I can appreciate the OP's point and it has always puzzled me. Even after seeing how a professional prepares a US return, I remain rather perplexed.
Suppose, for example, one has a newly opened UK bank account that pays its first annual interest, say £1,000, on 1 December 2015. Logically, one should record this on the 2015 1040 and take a foreign tax credit for the 20% UK tax which has been deducted at source by the bank. If the tax payer has UK marginal rate of 40%, and UK Self-assessment is then completed promptly, say in mid April 2016, then there will be a further 20% UK tax computed on this interest, but this is only a "tax accrued," and need not be paid until 31 January 2017. So should a tax credit to be taken on the 2016 1040 (if UK tax is paid in April 2016) or on the 2017 1040 (if paid 31/01/17), or can - as the OP suggests - this be taken as a credit on the 2015 1040, "by estimating"? I suppose that by paying the UK tax earlier than required, say May 15, then it can be marked down as paid on the 2015 1040 which you are going to file by June 15. I appreciate that there exist tax credit carry forward provisions, that can smooth this problem once the OP has been paying UK tax for a few years and has built up credits in all 1116 baskets, but the OP says this is the first year that he or she is back in the UK.
To complicate things further, there may have been a payment to HMRC made "on account" in January 2015 for tax that will be due for UK tax year 2015-16. Payments will be made 31/01/15 and 31/07/15. but it is hard to disentangle what part of the "on account" payment is for the higher rate tax that HMRC is estimating will be owed on the bank interest (if income were to turn out to be the same), and should this be taken as a credit on the 2015, or 2016, 1040?
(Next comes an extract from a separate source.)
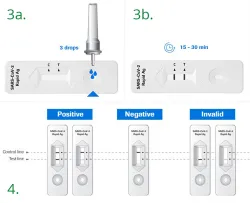 • 3b. Durchführung des Tests – Das Testergebnis kann in ca. 15 Minuten abgelesen werden. (Achtung: Interpretieren Sie das Testergebnis nicht nach 30 Minuten. Es besteht die Gefahr falscher Ergebnisse.)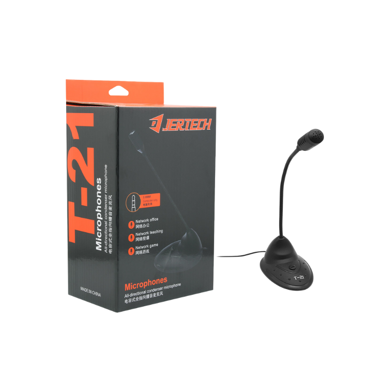 Type de microphone : à condensateur, offrant une prise de son de haute qualité. - Directivité : omnidirectionnelle à 360°, captant le son de toutes les directions pour une reproduction naturelle. - Sensibilité : environ -58 dB, assurant une captation claire même à faible volume. - Réponse en fréquence : 30 Hz à 16 kHz, couvrant une large gamme de fréquences pour une reproduction sonore précise. - Impédance : 32 ohms, compatible avec la plupart des appareils - Connectivité : prise jack 3,5 mm, plug-and-play, sans besoin de pilote. - Le Jertech T-21 est un microphone à condensateur omnidirectionnel conçu pour offrir une qualité sonore supérieure dans divers environnements. Grâce à sa directivité à 360°, il capte le son de manière uniforme, ce qui le rend idéal pour les conférences, les enregistrements vocaux et les applications multimédias.

On top of all this there is the wrinkle that for the 40% marginal rate UK tax payer, tax on wages and bank interest both flow to Form 1116 (general basket). Suppose that in 2015-16 UK tax year someone has £10600+21785 wages and £15000 interest. She will pay 20% on the basic rate amount of 31785, and 40% on 5000. But what part of this is tax on wages and what part is tax on interest? Is the UK tax charge on wages 20% x 21785, and on interest 20% x 10000 + 40% x 5000? Or should the total tax be allocated between them proportionally? Does the interest now go on 1116 general or passive?